She might have answered, had she not been struck by another wave of sickness, and she coughed out the last few chunks that had been swimming around in her stomach.

“I don’t feel very well,” Orla mumbled, wiping the back of her mouth with her hand, her usually gravelly voice sounded rougher than usual. She felt Erin’s hand on her back, and heard a noise of disgust as she leant over to flush the toilet.

“Do you want me to get Aunt Sarah?” Erin asked, and Orla could hear her filling up a glass with tap water, but she was still slumped by the toilet, too bone-tired and drained to move.

“No, no. Don’t do that,” Orla said, taking the water from her cousin and using it to rinse out her mouth.

Erin still helped her to her feet, and feeling like she was half asleep already, Orla let her lead her from the bathroom. She walked past Orla’s bedroom door, and instead took her into her own room. It had been years since Orla had snuck into her cousin’s room so they could sleep in the same bed, but tucked up with Erin wrapping her arms around her protectively, Orla was glad she was there.

“You’ll feel better in the morning,” Erin whispered.

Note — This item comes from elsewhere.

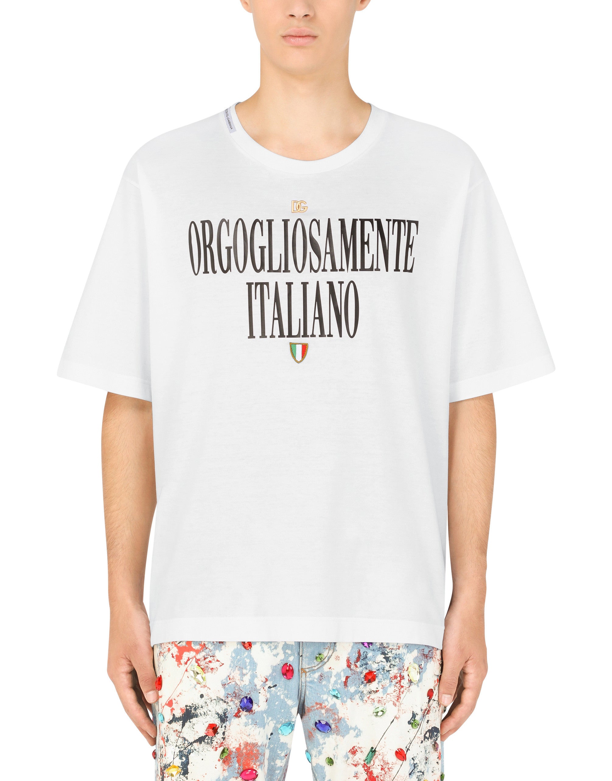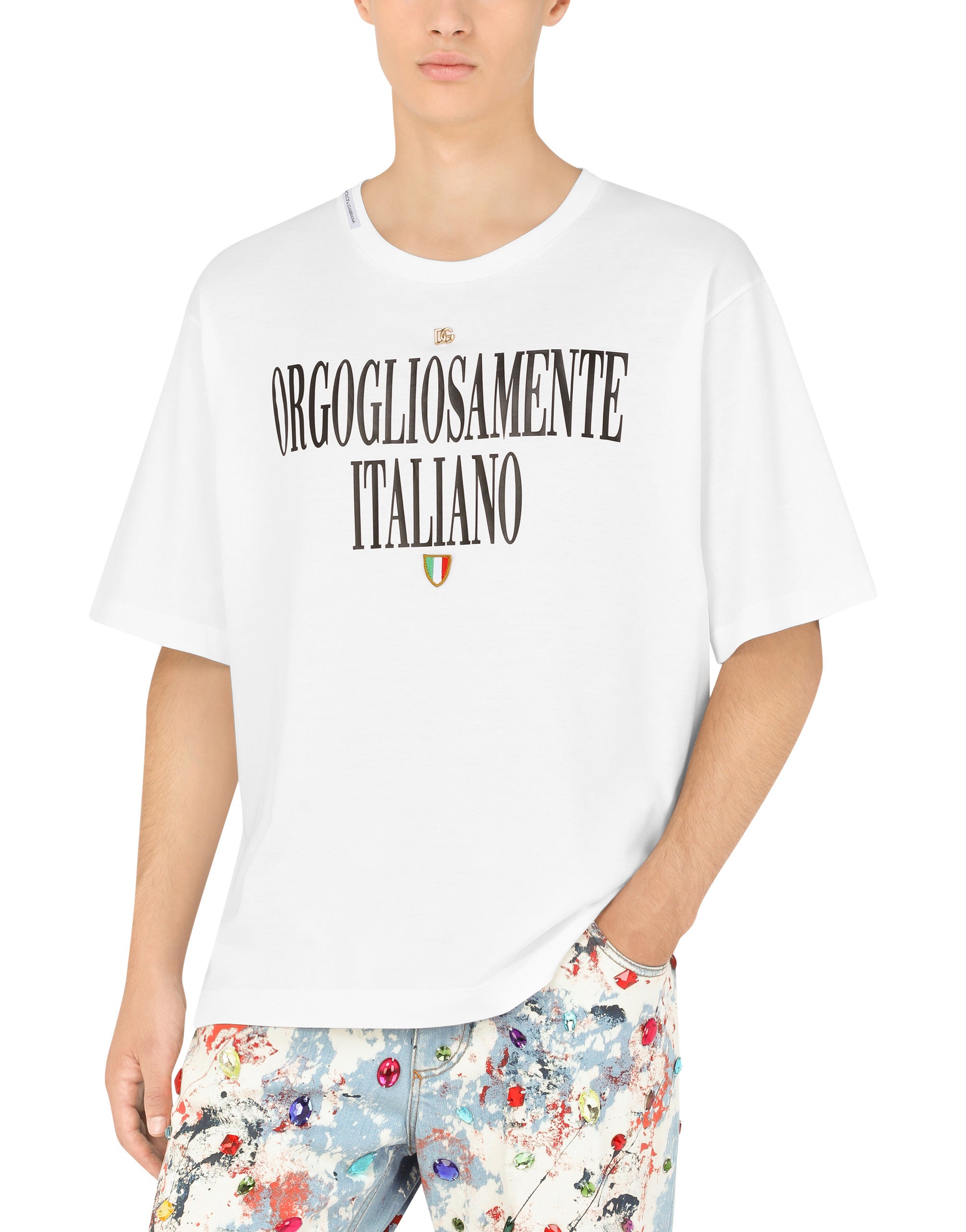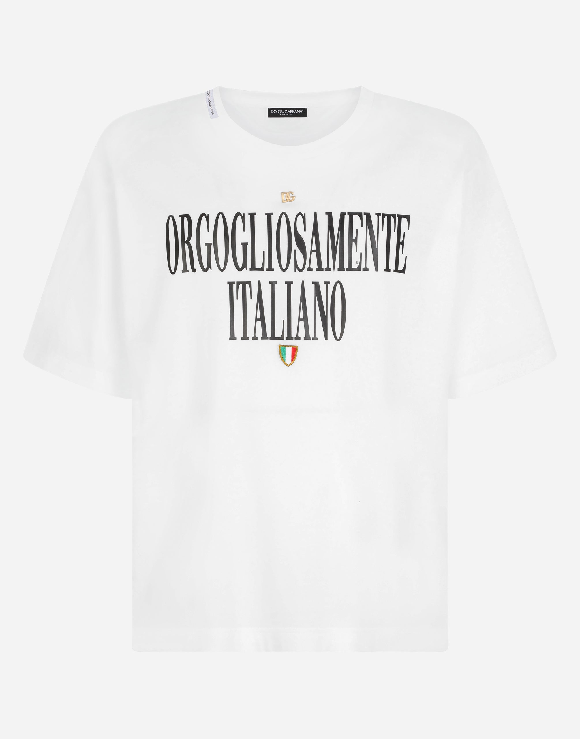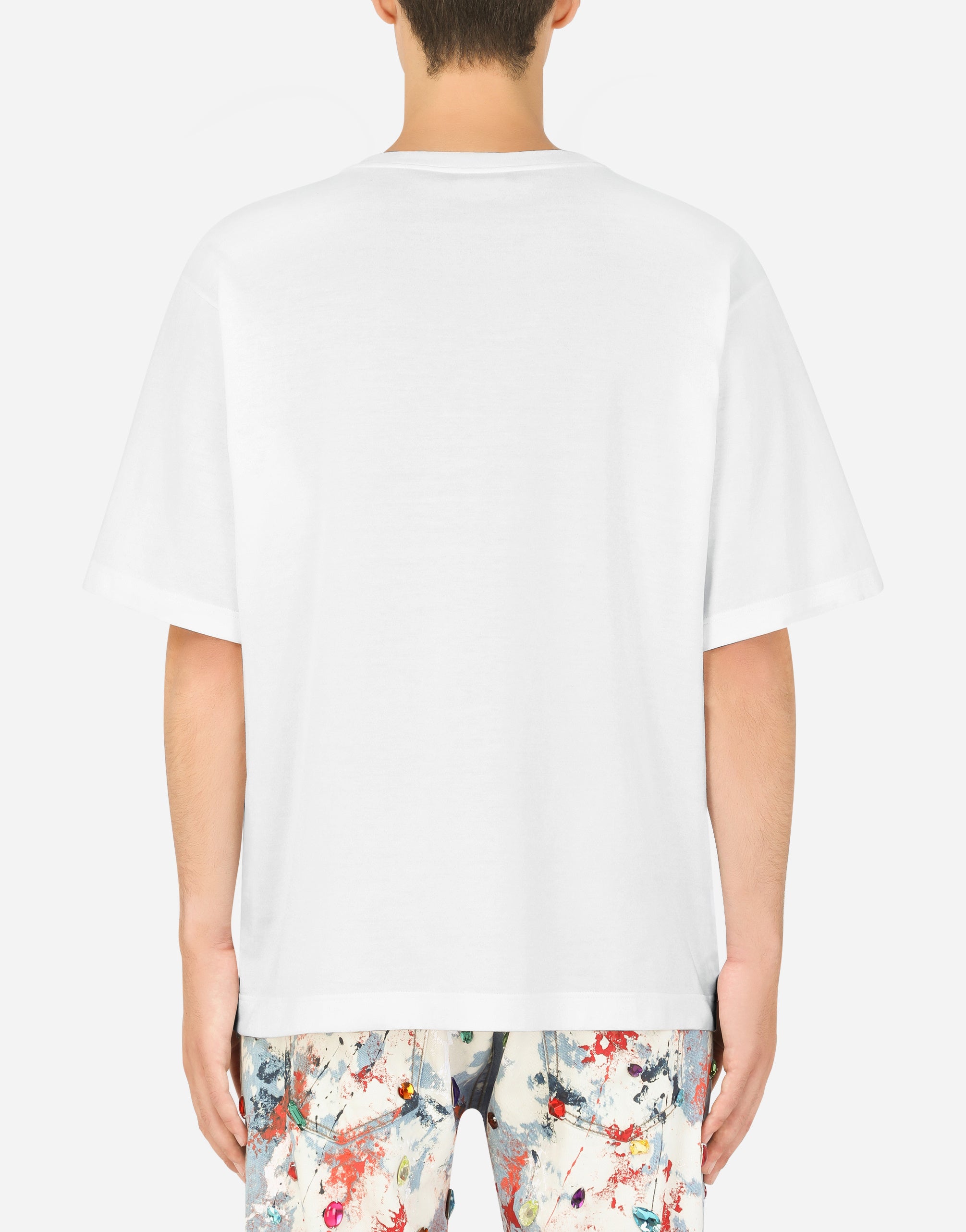 The “DG Light Therapy” fashion show is a tribute to life itself, positivity and folklore. Distinctive luminaries become wonderful photographic prints to create special, iconic pieces when combined with embroidery, crystals, sequins and jacquard designs. Cotton jersey T-shirt with print, Italy patch and metal DG logo. • Regular fit • Round neck • Short sleeves • The piece measures 71.5 cm - 28.1 inches from the rear collar seam on a size IT 48 • The model is 185 cm - 72.8 inches tall and wears a size IT 48 • Made in Italy
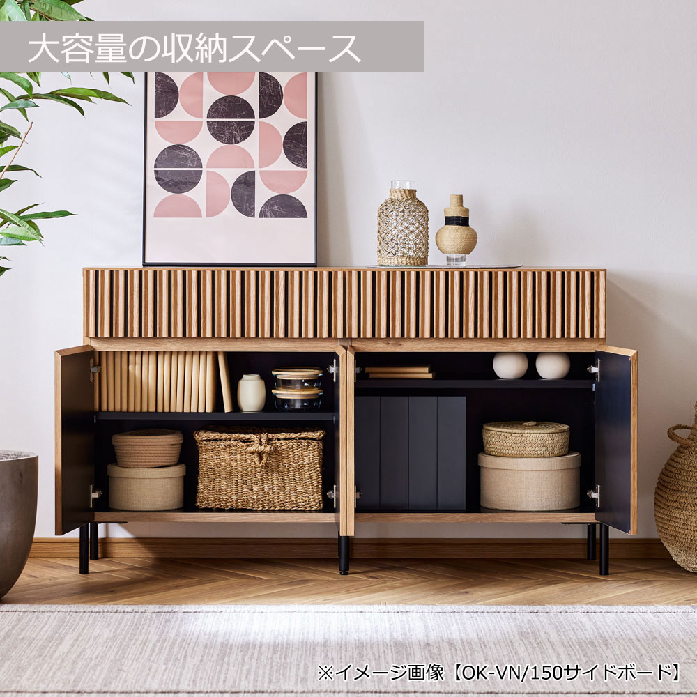 サイドボードは引出収納と扉収納を組み合わせており、扉内には30mmピッチで調整できる可動棚を設けています。デザイン面だけではなく、A4サイズ収納や小物収納等、使い勝手が良い収納面も魅力です。※画像は色違い「150サイドボード」/OK-VN(オークヴィンテージナチュラル)色のイメージです。

Orla didn’t say anything. She didn’t want to tell Erin that in a weird way she felt better already. Sure the vomiting hadn’t been fun, but at least now she didn’t have to think about all the food sitting in the pit of her stomach anymore. At least it was all gone and she didn’t have to worry about throwing everything off track. This was a blip and she wouldn’t be repeating it.

 ~

 

And then the stares started. It was Erin’s eyes boring into her across the dinner table, watching each measly bite she took. Or Clare unable to to be subtle about the fact that she was taking in the newfound sharp edges of Orla’s body. And James opening his mouth every five seconds like he was going to say something, but never managing to find the words. Even Michelle looked at Orla like she had grown two heads of all of a sudden, and not in the same way she did before. Orla strongly suspected Erin had told them what had happened the night of the Christmas cupboard incident.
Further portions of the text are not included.